WIMBLEDON, TRADIZIONE E MODERNITÀ: ADDIO ALLA PIOGGIA

Dall'edizione 2019, anche il campo 1 di Wimbledon avrà il suo tetto retrattile. Quasi completati i lavori, altra copertura anti-pioggia dopo il centrale.

TENNIS – Una delle caratteristiche più tradizionali e ricorrenti di Wimbledon è sicuramente la presenza della pioggia, con la consueta interruzione che a cadenza quasi annuale prolunga e infittisce il programma dello Slam londinese. Dall’edizione che andrà in scena nel 2019, però, l’emergenza precipitazioni sull’erba dell’All England Club sarà una preoccupazione che passerà in secondo piano.

Il piano di ammodernamento previsto dall’organizzazione del torneo, infatti, ha tra le sue innovazioni più imminenti un altro tetto retrattile come quello già esistente sul centrale. Anche il campo 1 potrà presto godere della copertura che permetterà di proseguire i match in corso di svolgimento nonostante il meteo avverso. Su Twitter sono state pubblicate le prime foto che anticipano la conclusione imminente dei lavori: per l’inizio del major del prossimo anno, quindi, Wimbledon potrà contare su due campi coperti.

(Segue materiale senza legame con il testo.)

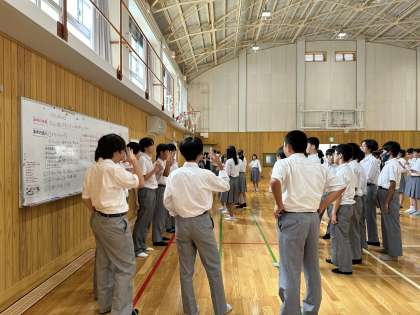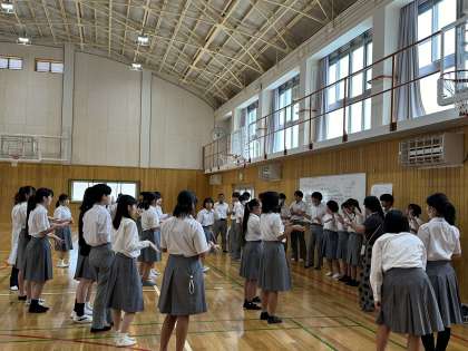 10月17日(木)、18日(金)に予定されている学習発表会に向けて、本日より文化委員会主催の全校手話コーラスの練習が始まりました。昼休みに短時間、生徒の有志が集合しての練習ですが、初日である本日は大変多くの生徒が参加し、音源に合わせて歌いながら手話の練習に取り組みました。まだまだ難しく感じている生徒もいるようでしたが、参加生徒全員が楽しそうに、大きな声で合唱してくれました。学習発表会までの限られた期間で、手話も、歌も、生き生きと表現できるよう、練習を重ねてください。企画してくれた文化委員のみなさん、ありがとうございます。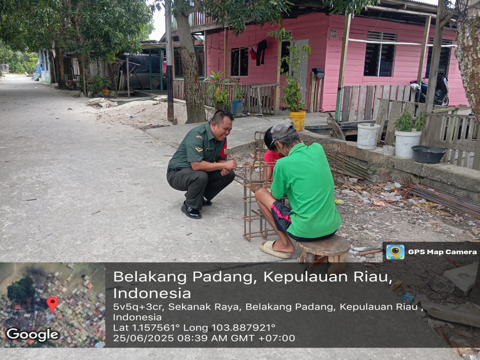 Batam-Babinsa 02 Koramil 05/BLP, Serda Roni Sitorus, melaksanakan kegiatan komunikasi sosial (Komsos) bersama warga binaan di RT 002/RW 004, Kampung Tanjung, Kelurahan Tanjung Sari. Rabu(25/06/2025).

La ditta che si sta occupando dell’ammodernamento del campo 1, inoltre, è la stessa che nel 2009 ha installato la copertura sul campo centrale. Avrà le stesse tempistiche del suo alter ego, ovvero dieci minuti di tempo per la chiusura e mezz’ora per la regolare ripresa del match. I lavori, in corso dal 2016, termineranno dunque nei prossimi mesi e permetteranno di cominciare la prossima edizione con un pizzico di modernità in più.

Modernità che, però, non fa venire meno la tradizione né tantomeno lo spirito di Wimbledon. Il tetto sul centrale è stato accolto con grande favore dal pubblico e si presume che anche quello sul campo 1 faccia a breve la stessa impressione, evitando di interrompere gli incontri o di rimanere sempre col fiato sospeso controllando il proverbiale meteo di Londra.

Un passo nel futuro, senza dimenticare il passato. Come per gli US Open, altro Slam che gode di un tetto retrattile sul centrale, anche Wimbledon può già vantare le stesse innovazioni, anzi le raddoppia garantendo una migliore esperienza agli spettatori, non perdendo mai di vista l’importanza e l’aura sacrale che contraddistingue l’All England Club in tutto il suo splendore.